Notwithstanding Sections 10A-1-3.32 and 10A-1-3.33:
(a) Subject to subsection (f), a general partner, without having any particular purpose for seeking the information, may inspect and copy during regular business hours at a reasonable location specified by the limited partnership, required information and any other records maintained by the limited partnership regarding the limited partnership's activities and affairs and financial condition.
(b) Subject to subsection (f), each general partner and the limited partnership shall furnish to a general partner:
(1) without demand, any information concerning the limited partnership's activities and affairs and activities and affairs reasonably required for the proper exercise of the general partner's rights and duties under the partnership agreement or this chapter; and
(2) on demand, any other information concerning the limited partnership's activities and affairs, except to the extent the demand or the information demanded is unreasonable or otherwise improper under the circumstances.
(c) Subject to subsections (e) and (f), on 10 days' demand made in a writing received by the limited partnership, a person dissociated as a general partner may have access to the information and records described in subsection (a) at the location specified in subsection (a) if:
(1) the information or writing pertains to the period during which the person was a general partner;
(2) the person seeks the information or record in good faith; and
(3) the person satisfies the requirements imposed on a limited partner by Section 10A-9A-3.04(b).
(d) The limited partnership shall respond to a demand made pursuant to subsection (c) in the same manner as provided in Section 10A-9A-3.04(c).
(e) If a general partner dies, Section 10A-9A-7.04 applies.
(f) In addition to any restriction or condition stated in its limited partnership agreement, a limited partnership, as to a matter within the ordinary course of its activities and affairs, may:
(1) impose reasonable restrictions and conditions on access to and use of information to be furnished under this section, including designating information confidential and imposing nondisclosure and safeguarding obligations on the recipient; and
(2) keep confidential from the partners and any other person, for such period of time as the limited partnership deems reasonable, any information that the limited partnership reasonably believes to be in the nature of trade secrets or other information the disclosure of which the limited partnership in good faith believes is not in the best interest of the limited partnership or could damage the limited partnership or its activities and affairs, or that the limited partnership is required by law or by agreement with a third party to keep confidential.

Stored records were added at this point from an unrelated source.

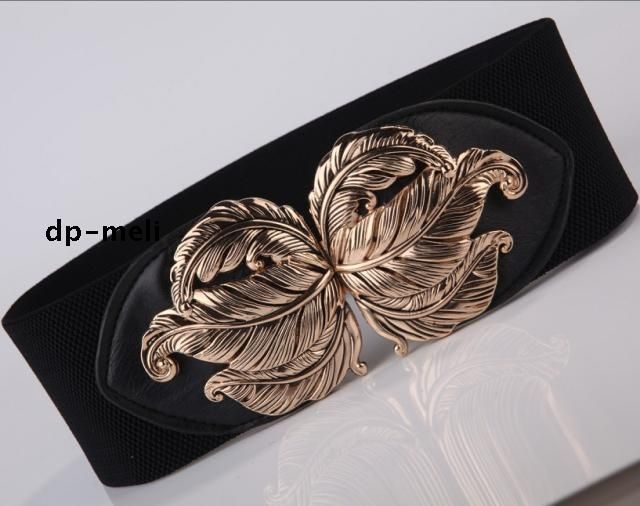 Елегантен широк ластичен колан с голяма метална тока
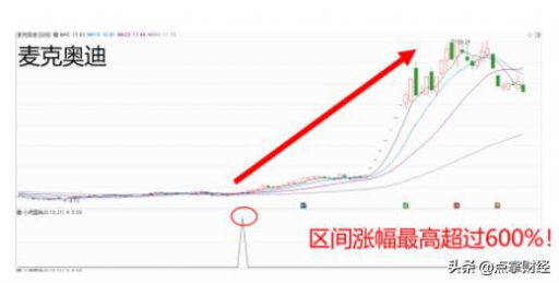 当然,如果大家不知道机会如何把握,可以私信“678”,领取我们的潜伏起涨点指标。上面提到的另一家公司,麦克奥迪就在起涨之前出现提示信号,从低点开始区间涨幅最高超过600%!
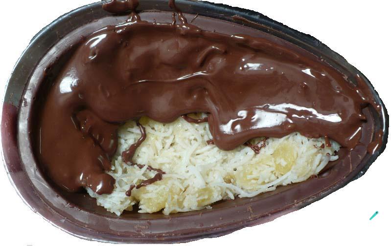 Quando o beijinho de coco estiver esfriado, recheie os moldes do ovo de Páscoa. Cubra com o chocolate que reservou antes (poderá ser necessário reaquecer no microondas) e leve à geladeira por 30 minutos a 1 hora.
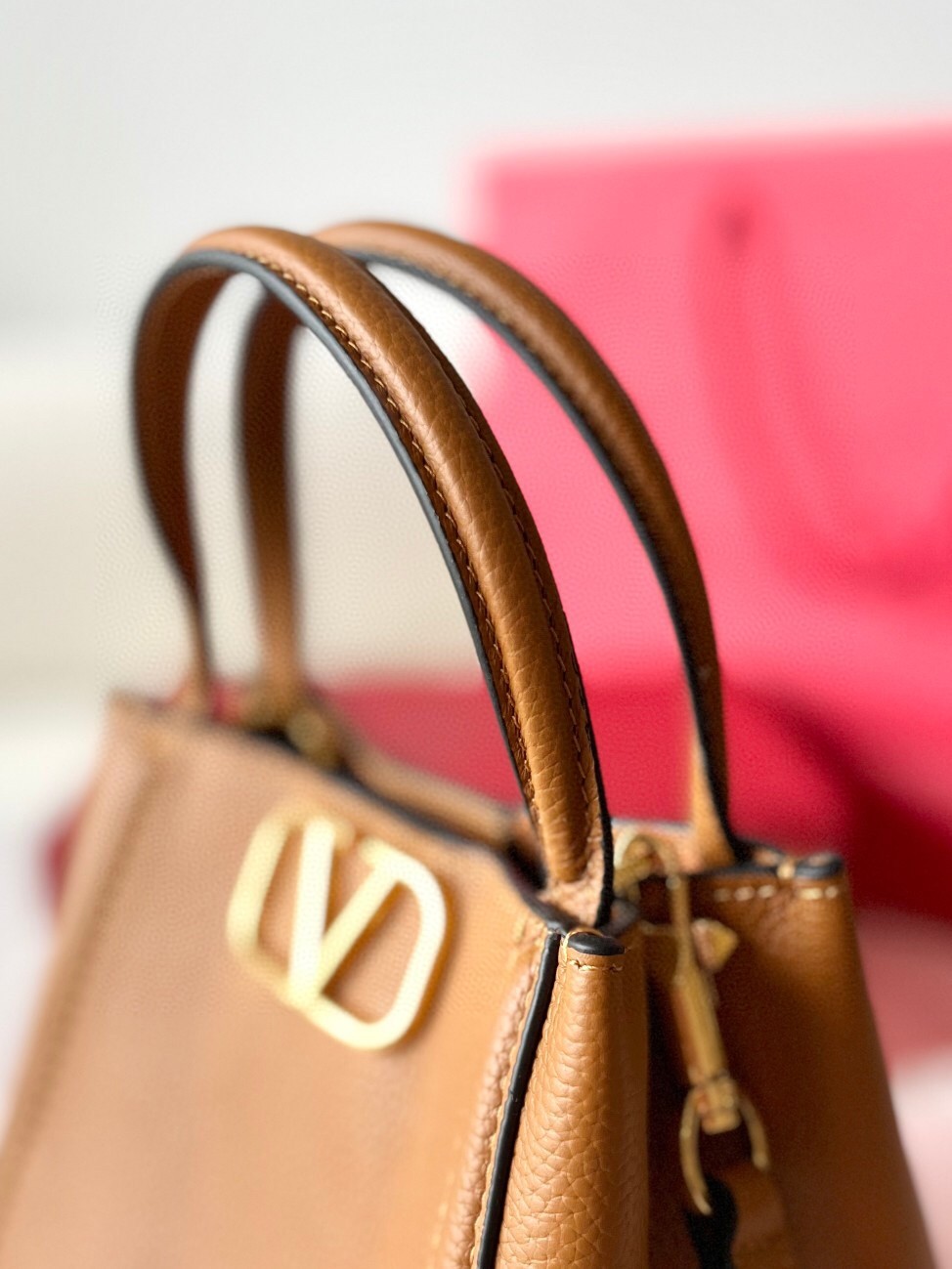 Valentino Alltime Small Bag in Brown Grained Calfskin
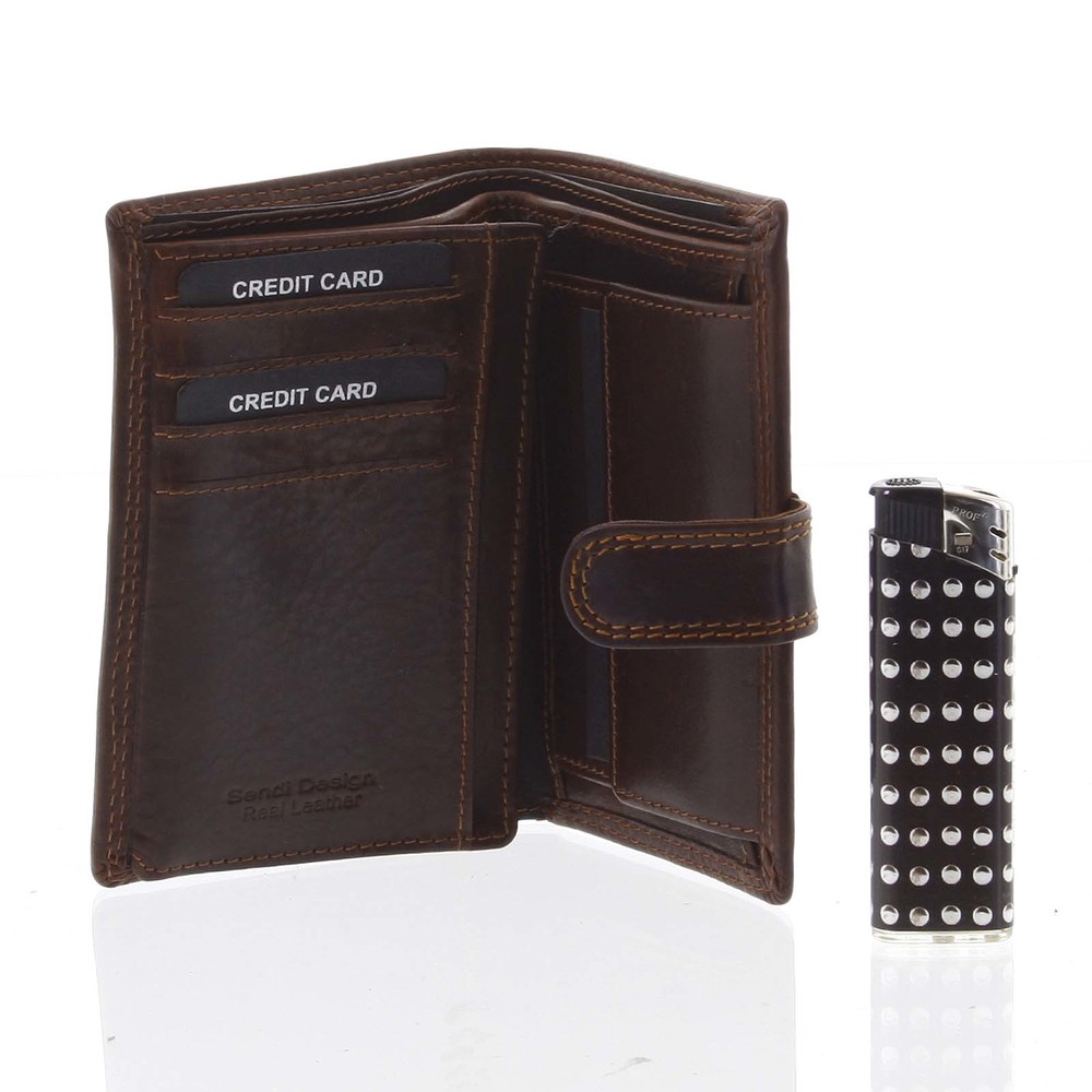 Luxusná hnedá pánska kožená peňaženka na výšku, so zápinkou, s dvomi vreckami na bankovky od značky SendiDesign. Ponúka dostatok potrebných priehradok na karty (min. 8), mince a doklady v kvalitnom spracovaní. Spolu s taškou na doklady značky SendiDesign bude ideálnym darčekom. Peňaženka je v originálnej krabičke. Objednajte ešte dnes a vyskúšajte, vrátiť ju môžete až do 30 dní!

In any dispute concerning the reasonableness of a restriction under this subsection, the limited partnership has the burden of proving reasonableness.
(g) A limited partnership may charge a person that makes a demand under this section reasonable costs of copying, limited to the costs of labor and material.
(h) A general partner or person dissociated as a general partner may exercise the rights under this section through an attorney or other agent. Any restriction imposed under subsection (f) or by the partnership agreement applies both to the attorney or other agent and to the general partner or person dissociated as a general partner.
(i) The rights under this section do not extend to a person as transferee, but the rights under subsection (c) of a person dissociated as a general partner may be exercised by the legal representative of an individual who dissociated as a general partner under Section 10A-9A-6.03(6).
(j) Any general partner who, without reasonable cause, refuses to allow any general partner or person dissociated as a general partner, or their agent or attorney to inspect or copy any records of the limited partnership to which such general partner or person disassociated as a general partner is entitled under this section, shall be personally liable to the general partner or person dissociated as a general partner for a penalty in an amount not to exceed 10 percent of the fair market value of the partnership interest of the general partner or person dissociated as a general partner, in addition to any other damages or remedy.